Auto Scaling on the Cloud

Stock markets always have specific time intervals in each business day. Therefore It is possible to foresee the possible client workload demands for a particular market, which leads to opportunity to scale the system up to a required number of nodes. As the behavior of the business case, It is almost impossible to predict when the transaction density will go beyond a specific point (the point which exceeds our processing limits, we call It overloading point) therefore, the auto-scaling policies are applied based on time windows first. The scaling policies firstly depends on the specific hours of work days, which we know in advance by analyzing the raw logs. Between these specific times, the system serves at maximum level of nodes. Beside that, many of them shut themselves down. (We label the bare minimum instances and we monitor them at the least granular level, therefore we gain to have an idea about what is going through the cluster.) The second policy in auto-scaling policy is a network and CPU utilization combination. At rare cases It bursts, just to be safe, this rule is applied as well.

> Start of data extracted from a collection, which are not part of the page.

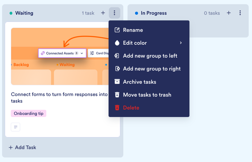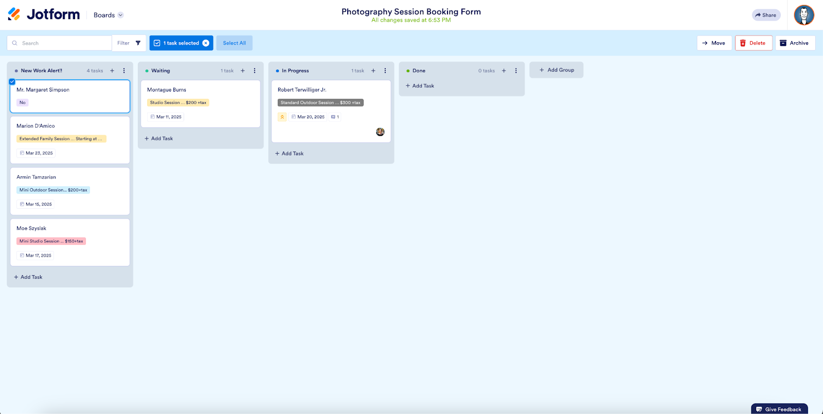 Once you’ve connected your form to a board, any existing submissions will appear in the first task group. Now you can begin to use the board’s drag-and-drop functionality to create and manage tasks!
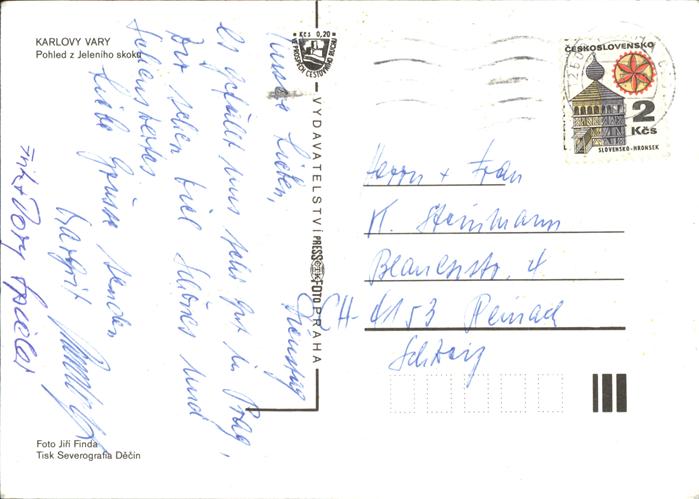 old postcard Karlovy Vary Pohled z Jeleniho skoku postalisch gelaufen Erhaltung siehe scans
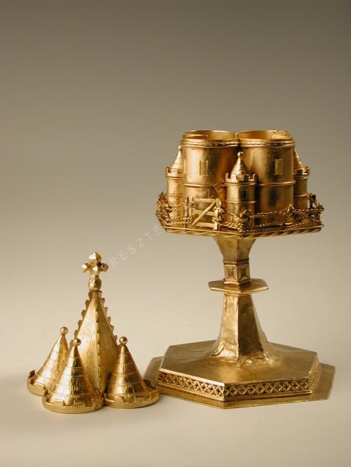 Több tornyos kápolnát mintázó ereklyetartó, sodronyból font kerítéssel. csúcs torony hatoldalú, lapokkal fedett, levehető tetőt alkot, liliomos csúcsdísszel.
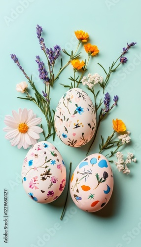 © Ilja, Fototapeta premium Easter floral pattern eggs, springtime blooming flowers on a blue background. Happy Easter concept.

Every week, we try to analyze the utilization of the whole cluster and shrink the unused nodes one by one. Since we handle the peak points in a daytime, we are good.

Spot Instance Management with Terraform

Data analysis contains algorithmic learning on a relatively big data set. That is mostly more than one month data extracted and logged from the stream. The developed algorithms requires temporary cpu and memory resource power at large scale. The computation is simply started by Docker containers deployed one per EC2 instances. Containers simply pulls the required set of data from S3, processes them, then periodically push the results back to the S3 again. There should be no state stored in the Docker container (that would make the size of the Docker image larger, that would lead to scalability problems) since we could lose any node any given time which leads to inconsistency.

To manage the cluster of EC2 instances, an automated setup does the followings:

  1. A custom shell script gets all the spot instance prices at any given time from various AWS regions ( and including all the availability zones ) and selects a price on the cheapest regions availability zone. The betting price is determined based on a formula which ended up a couple of cents more than average. This way, we can satisfy the durability of the cluster for a few hours.
  2. After the calculation, we know where to deploy our compute intensive instances. The second part of the pipeline passes the zone, price and number of EC2 instance information to the Terraform state files and the Terraform binary spins these instances and provisions them. All of these actions are applied within a Jenkins job and ended up under 5 minutes.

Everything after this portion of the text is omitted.